First Asia-Pacific experience of trans-bronchial core biopsy with a Franseen needle

Michael V Brown; Katherine Lavrencic; Arash Badiei; Hubertus Jersmann; Andrew Fon; Sean Chang; Phan Nguyen

doi:10.21037/jtd-22-1747

First Asia-Pacific experience of trans-bronchial core biopsy with a Franseen needle

J Thorac Dis. 2023 Jun 30;15(6):3273-3284. doi: 10.21037/jtd-22-1747. Epub 2023 Jun 14.

Authors

Michael V Brown^#^{1

2}, Katherine Lavrencic^#^{1

2}, Arash Badiei^{1

2}, Hubertus Jersmann^{1

2}, Andrew Fon^{2

3}, Sean Chang⁴, Phan Nguyen^{1

2}

Affiliations

¹ Department of Thoracic Medicine, Royal Adelaide Hospital, Adelaide, Australia.
² Faculty of Health and Medical Sciences, Adelaide Medical School, University of Adelaide, Adelaide, Australia.
³ Department of Respiratory and Sleep Medicine, Queen Elizabeth Hospital, Adelaide, Australia.
⁴ SA Pathology, Adelaide, Australia.

^# Contributed equally.

Abstract

Background: Endobronchial ultrasound guided transbronchial needle aspiration (EBUS-TBNA) is the standard for evaluating mediastinal and hilar lesions. EBUS-TBNA is limited by small volume of material obtained for immunohistochemistry (IHC) and ancillary studies important for oncological therapies. The Franseen Acquire^TM needle is designed for EBUS-transbronchial needle core biopsy (TBNB) allowing larger core sizes with evidence in gastroenterology literature but little in pulmonology. This study reports the first Asia-Pacific experience of EBUS-TBNB and adequacy of samples for diagnosis and ancillary studies.

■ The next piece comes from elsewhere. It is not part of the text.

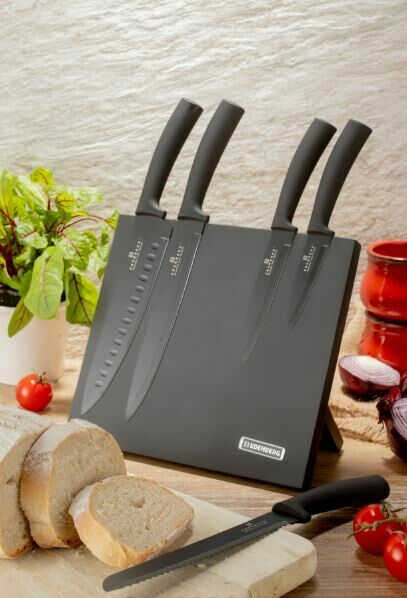 Ułatwia to praktyczny i estetyczny blok magnetyczny. Umieszczone w nim noże po wykonanej pracy świetnie się prezentują stanowiąc ozdobę Twojej kuchni.

Methods: A retrospective cohort study of EBUS-TBNB at the Royal Adelaide Hospital was conducted between December 2019 and May 2021. Diagnostic rate, adequacy for ancillary studies and complications were evaluated. Samples were flushed into formalin for histological processing with no rapid on-site cytological evaluation (ROSE). For suspected lymphoma, samples were flushed into HANKS for flow cytometry. Cases performed with the Olympus Vizishot^TM during the same 18-month were similarly analysed.

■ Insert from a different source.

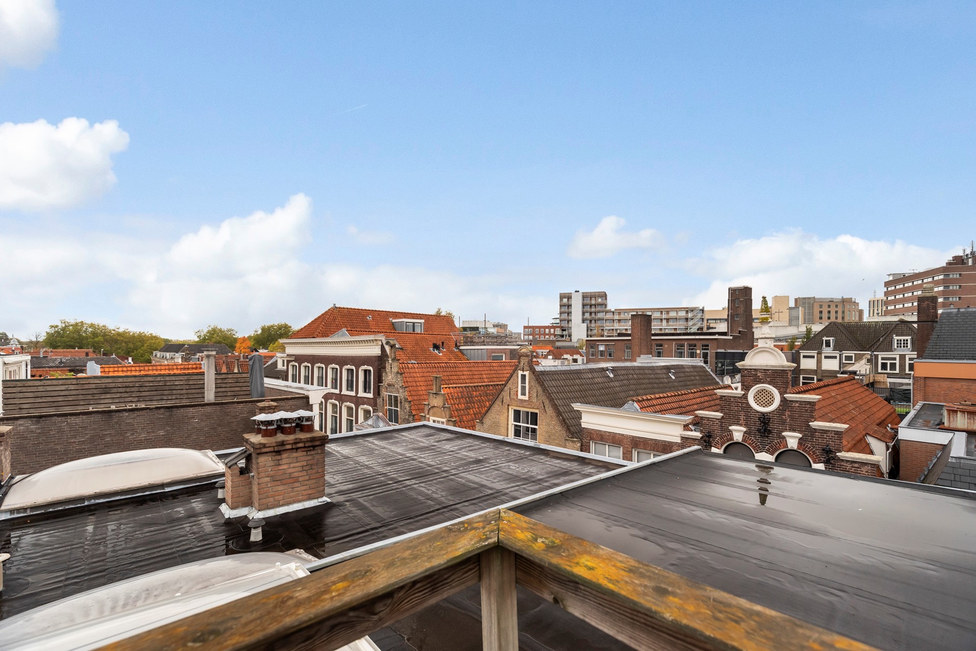 Via de achterste slaapkamer stap je het balkon op. Vanuit hier biedt een draaitrap toegang tot het ruime dakterras van circa 19 m², waar je kunt genieten van een fraai uitzicht over de stad.

Results: One hundred and eighty-nine patients were sampled with the Acquire^TM needle. Diagnostic rate was 174/189 (92.1%). Where reported [146/189 (77.2%)], average core aggregate sample size was 13.4 mm × 10.7 mm × 1.7 mm. For non-small cell lung cancer (NSCLC) cases, 45/49 (91.8%) had adequate tissue for programmed cell death-ligand 1 (PD-L1). 32/35 (91.4%) adenocarcinoma cases had sufficient tissue for ancillary studies. There was one false negative malignant lymph node at the first Acquire^TM procedure. There were no major complications. One hundred and one patients were sampled with the Vizishot^TM needle. Diagnostic rate was 86/101 (85.1%) with only 25/101 (24.8%) having reported tissue cores (P<0.0001 of Vizishot^TM) with the remaining samples processed via cell block.

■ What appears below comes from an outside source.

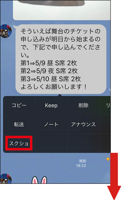 トークルームでのやり取りの一部を残しておく「スクショ」(スクリーンショット)機能がある。必要なメッセージを画像として保存できるのだ。保存したいトークを長押しして、操作メニューから「スクショ」を選択。保存するトークを決めたら、「スクショ」をタップする。

Conclusions: Acquire^TM EBUS-TBNB diagnostic rate is comparable to historical data with >90% of cases having sufficient core material for ancillary studies. There appears to be a role for the Acquire^TM alongside the standard of care for the work up of lymphadenopathy and particularly for lung cancer.

Keywords: Endobronchial ultrasound (EBUS); bronchoscopy; lung cancer; transbronchial needle aspiration (TBNA); transbronchial needle core biopsy (TBNB).